[Extracted records — start]

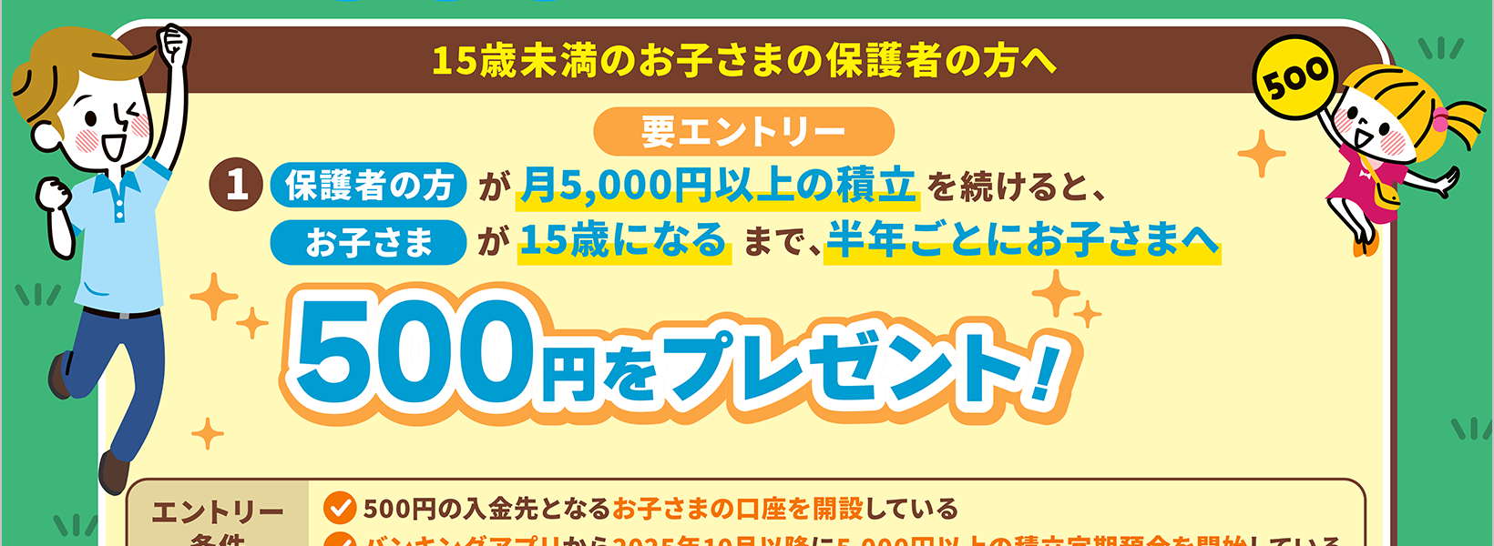 - お子さまの口座への10,000円以上の入金だけでは、本キャンペーンの特典対象とはなりません。「子育て応援定期」にエントリーいただき、所定の条件を満たす必要があります。
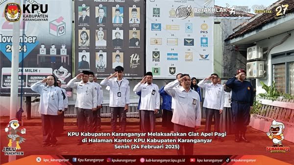 Giat Apel Pagi di Halaman Kantor KPU Kabupaten Karanganyar dengan dipimpin oleh Anggota KPU Kabupaten Karanganyar, Santoso, Senin (24 Februari 2025). Kamis, 27 Februari 2025 10:33 1 KPU Kabupaten Karanganyar Melaksanakan #KPUKaranganyar Bagikan: Telah dilihat 1 kali
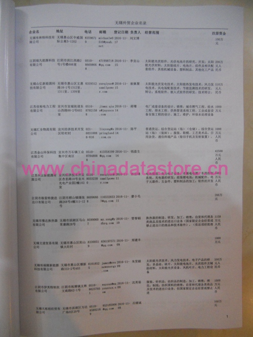 無錫外貿企業(yè)黃頁包括:外貿企業(yè)名稱、地址、電話、傳真、郵箱、經營范圍、注冊資金等信息。
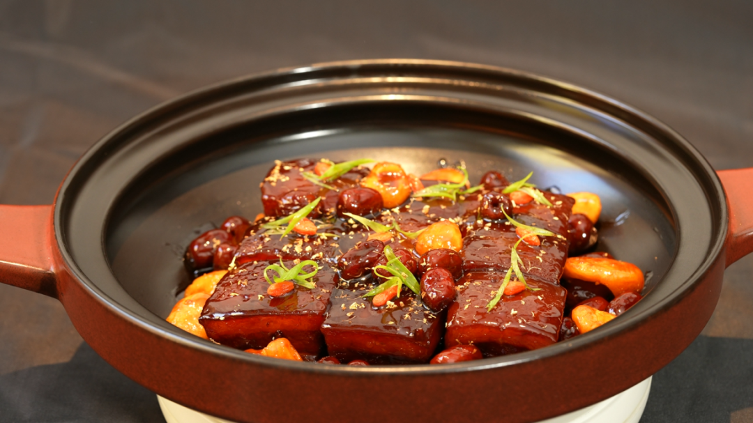 延庆板栗红烧肉承千年东坡肉之精髓,融妫川大地之特色。板栗的粉糯香甜,搭配五花肉的丰腴紧实,美味十足。
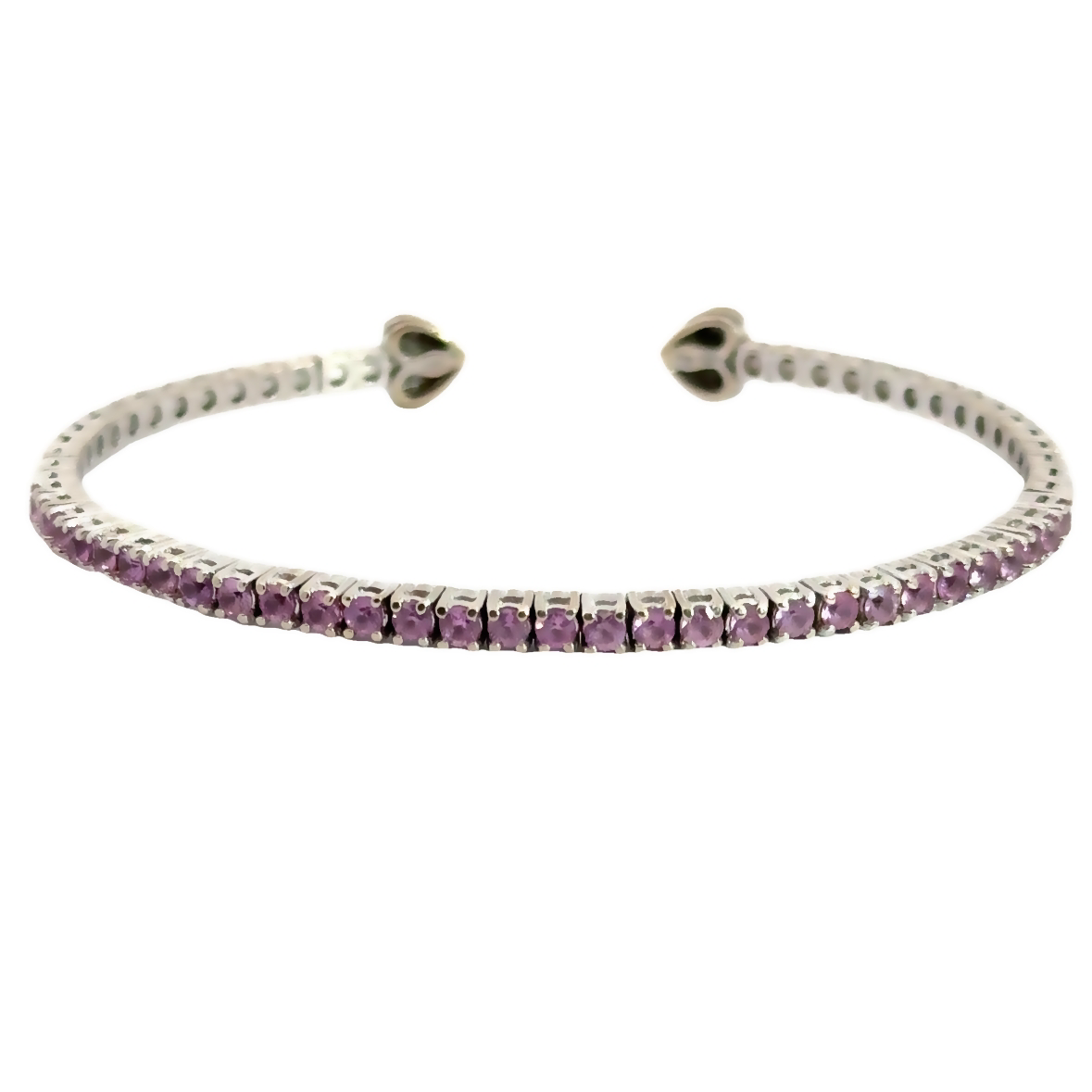 18K White Gold, Pink Sapphires, Flex Bangle, Hearts at the end of each post, 6” Matching citrine bangle available separately |
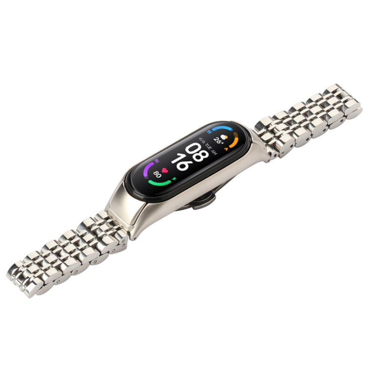Para la banda Xiaomi Mi Band 6/5 de siete cuentas de acero inoxidable (plata)
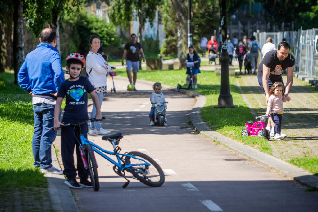 Al igual que el sábado, jornada en la que se abrieron las puertas de casa para paseos y actividad deportiva, el buen compartimiento fue la tónica general. Muchas mascarillas pero sobre todo distanciamiento social, corrillos a dos metros y conversaciones mínimas para seguir disfrutando del paseo.
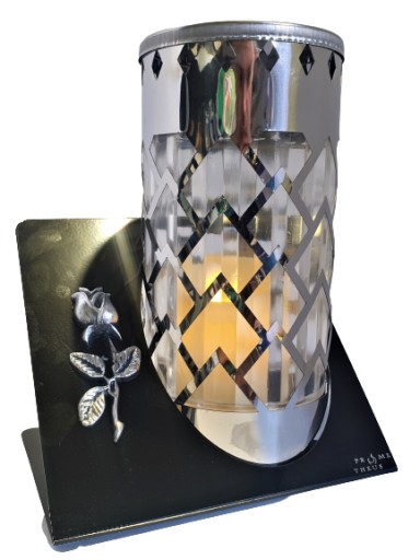 Piękny znicz całoroczny w kształcie tuby z różyczką.
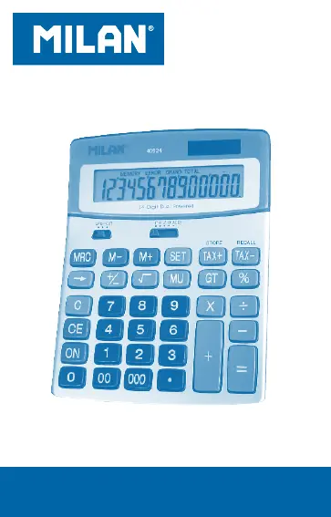 Olvassa el alább 📖 a magyar nyelvű használati útmutatót Milan 40924 (124 oldal) a számológép kategóriában. Ezt az útmutatót 12 ember találta hasznosnak és 6.5 felhasználó értékelte átlagosan 4.8 csillagra
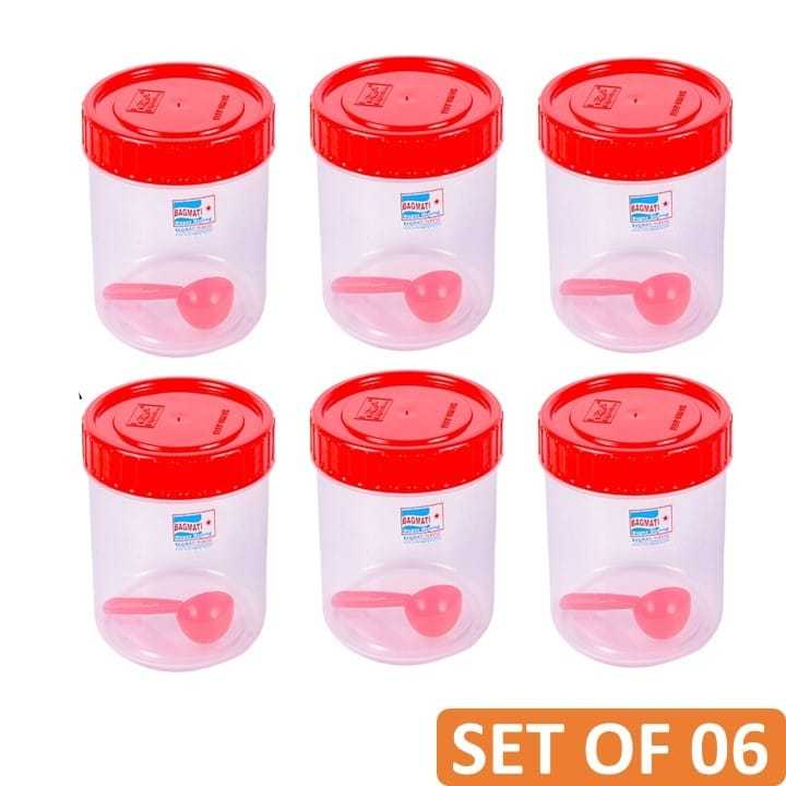 Round Transparent Plastic Utility Container With Spoon 500ML - Set Of 6 (Red)
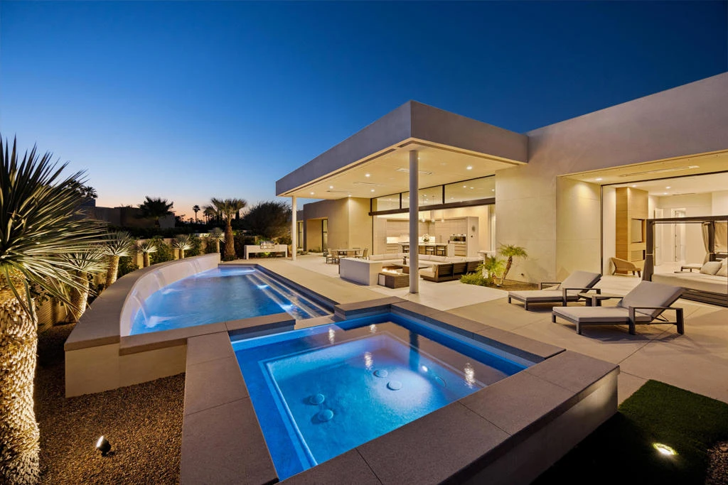 Welcome to this cutting-edge desert contemporary masterpiece, a fully furnished 4-bedroom, 6-bathroom estate offering 5,048 sq ft of refined luxury and sophisticated design. Situated on a premium cul-de-sac lot with highly sought-after southwest exposure, this residence captures breathtaking, panoramic mountain range views and delivers resort-style living at its finest.From the moment you enter through the dramatic pivot front door, you're greeted by 14-foot ceilings, a custom 9-foot fireplace, and motorized pocket sliding doors that seamlessly blend indoor and outdoor living in the expansive great room. A step-down bar and a stunning glass-enclosed wine room add flair to your entertaining space, while the adjoining dining area features manual pocket sliders for effortless flow.The chef's kitchen is outfitted with top-of-the-line Wolf and Sub-Zero appliances, a substantial walk-in pantry with built-in cabinetry, a full-size refrigerator, and an integrated coffee station--perfect for hosting or daily luxury.Each of the four en-suite bedrooms, including a private office, features direct access to the exterior, offering serene transitions to the landscaped surroundings. The primary suite is a true retreat with a spa-like bath, dual water closets, and sliding doors that lead to a secluded outdoor tranquility garden.Outdoors, the resort-style amenities continue with a custom pool and spa, a full outdoor entertainment center with pop-up TV, fire ledge, recessed electric heaters, and a mist system for year-round comfort. A covered structural patio overhang and 36x36 tile flooring that flows from the interior to the exterior enhance the seamless, modern design.Additional features include a private, gated, motor courtyard, four-car garage (~1,165 sq ft) with two AC units, Sonos sound system throughout the home including interior and exterior and custom lighting and premium finishes throughoutThis home redefines high-end desert living--resort never looked so good.
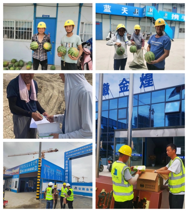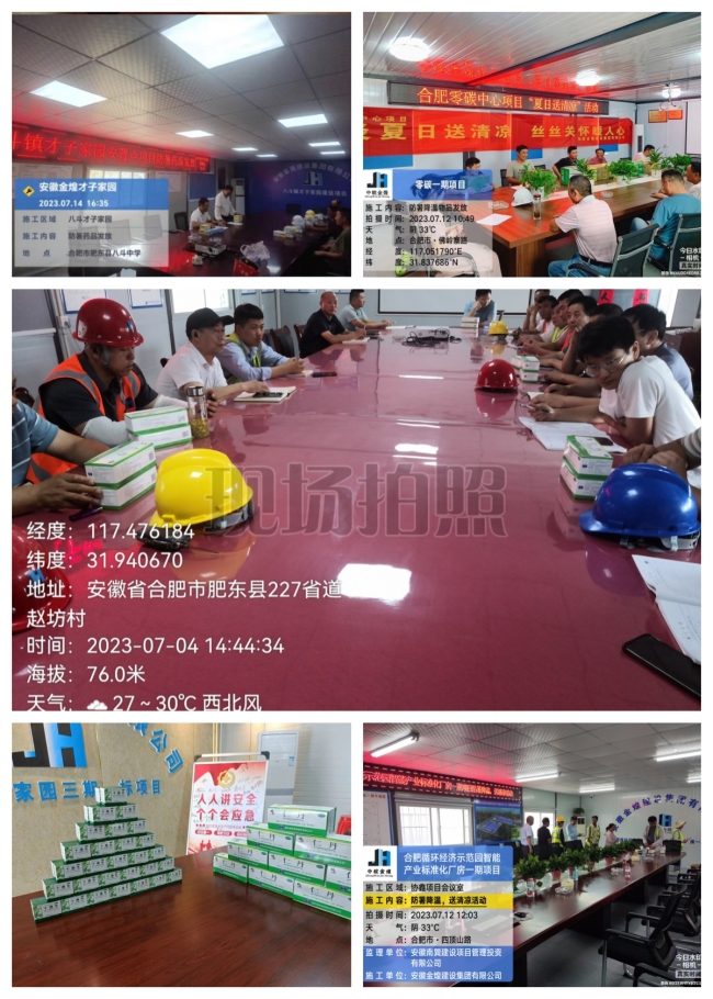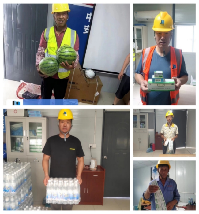 在合肥循坏经济示范园智能产业标准化厂房项目施工现场,300多名工人如火如荼奋战在施工现场的每一个角落。应对高温天气考验,项目部多措并举,向工友们送绿豆汤,配备直饮水机和凉茶桶,调整夏季高温作业的休息制度。食堂也会准备西瓜、绿豆汤,方便工友们在休息之余可以补充水分、预防中暑。项目部还制定了高温防暑应急预案,合理避开高温峰值时段,储备了担架、氧气袋等应急物资,保障工友们生命健康。
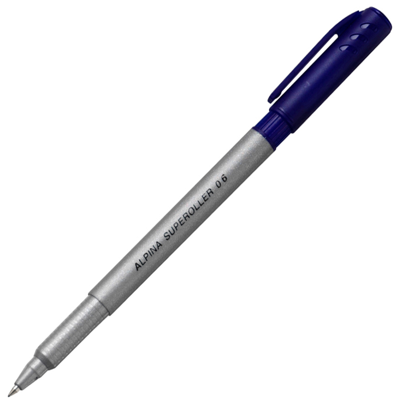 The Alpina Superoller is a metal tipped rollerball with smooth writing for 2000 metres. The ink is non-toxic, its colour denoted by cap and end plug. Grey barrel.
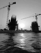 12月22日,广州珠江大濠沙岛上,珠江黄埔大桥北汊斜拉桥巨大的主塔已高出水面20多米。该桥是独塔双索面钢箱梁斜拉桥,主跨383米、主塔高度226.14米,全桥由斜索拉起50段钢箱梁,总重达13371吨。该桥建成之后,将会夺得世界上同类型桥梁中跨度最大、主塔高度最高的两项冠军。
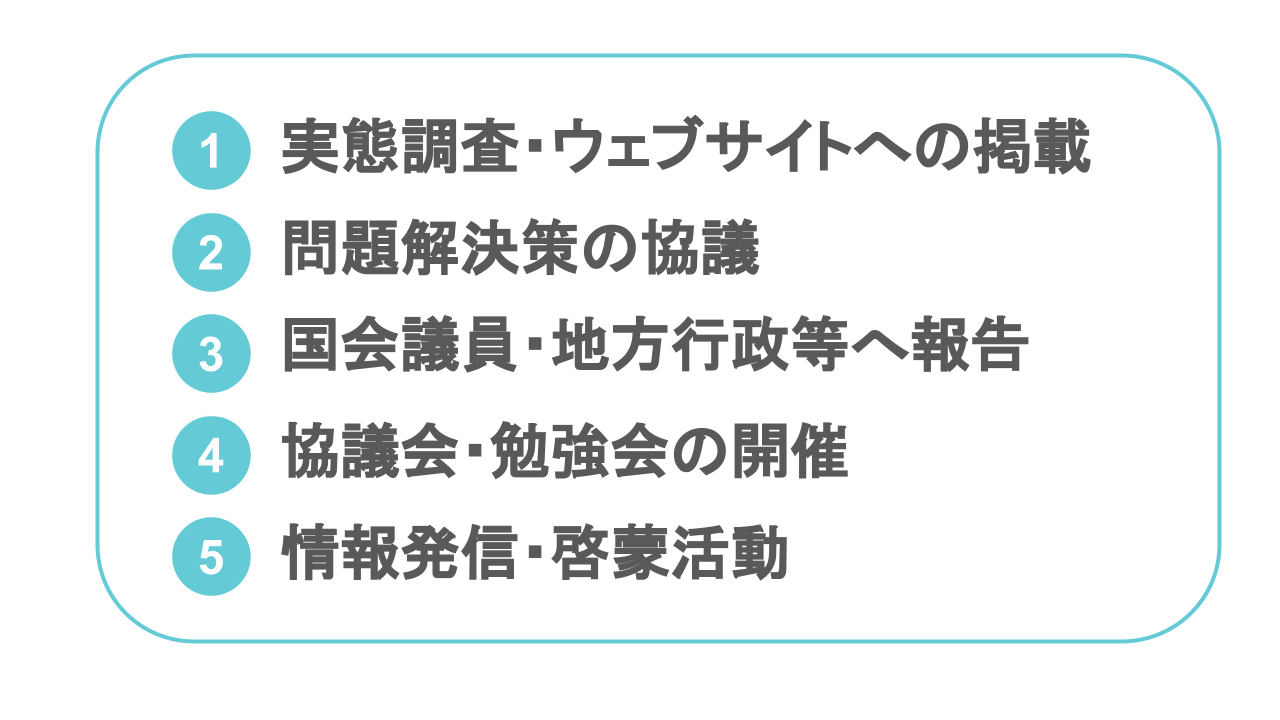 協議でまとめた要望書や調査で収集した実態情報等を、国会議員や地方行政に報告・提出し、問題解決のための協力を求めていきます。
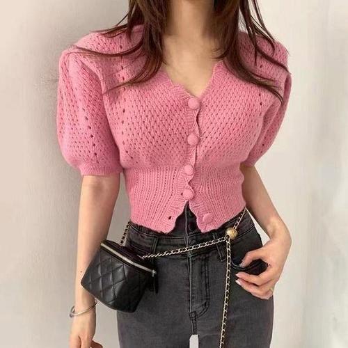 여자 데일리 벌룬소매 스모크 반팔 블라우스 SDW-BLH-SNF1002243

[Extracted records — finish]

Retype the lines starting with the one that holds "在合肥循坏经济示范园智能产业" and ending with the last line of the data above, both included; skip the pictures.

Task response —
 在合肥循坏经济示范园智能产业标准化厂房项目施工现场,300多名工人如火如荼奋战在施工现场的每一个角落。应对高温天气考验,项目部多措并举,向工友们送绿豆汤,配备直饮水机和凉茶桶,调整夏季高温作业的休息制度。食堂也会准备西瓜、绿豆汤,方便工友们在休息之余可以补充水分、预防中暑。项目部还制定了高温防暑应急预案,合理避开高温峰值时段,储备了担架、氧气袋等应急物资,保障工友们生命健康。
 The Alpina Superoller is a metal tipped rollerball with smooth writing for 2000 metres. The ink is non-toxic, its colour denoted by cap and end plug. Grey barrel.
 12月22日,广州珠江大濠沙岛上,珠江黄埔大桥北汊斜拉桥巨大的主塔已高出水面20多米。该桥是独塔双索面钢箱梁斜拉桥,主跨383米、主塔高度226.14米,全桥由斜索拉起50段钢箱梁,总重达13371吨。该桥建成之后,将会夺得世界上同类型桥梁中跨度最大、主塔高度最高的两项冠军。
 協議でまとめた要望書や調査で収集した実態情報等を、国会議員や地方行政に報告・提出し、問題解決のための協力を求めていきます。
 여자 데일리 벌룬소매 스모크 반팔 블라우스 SDW-BLH-SNF1002243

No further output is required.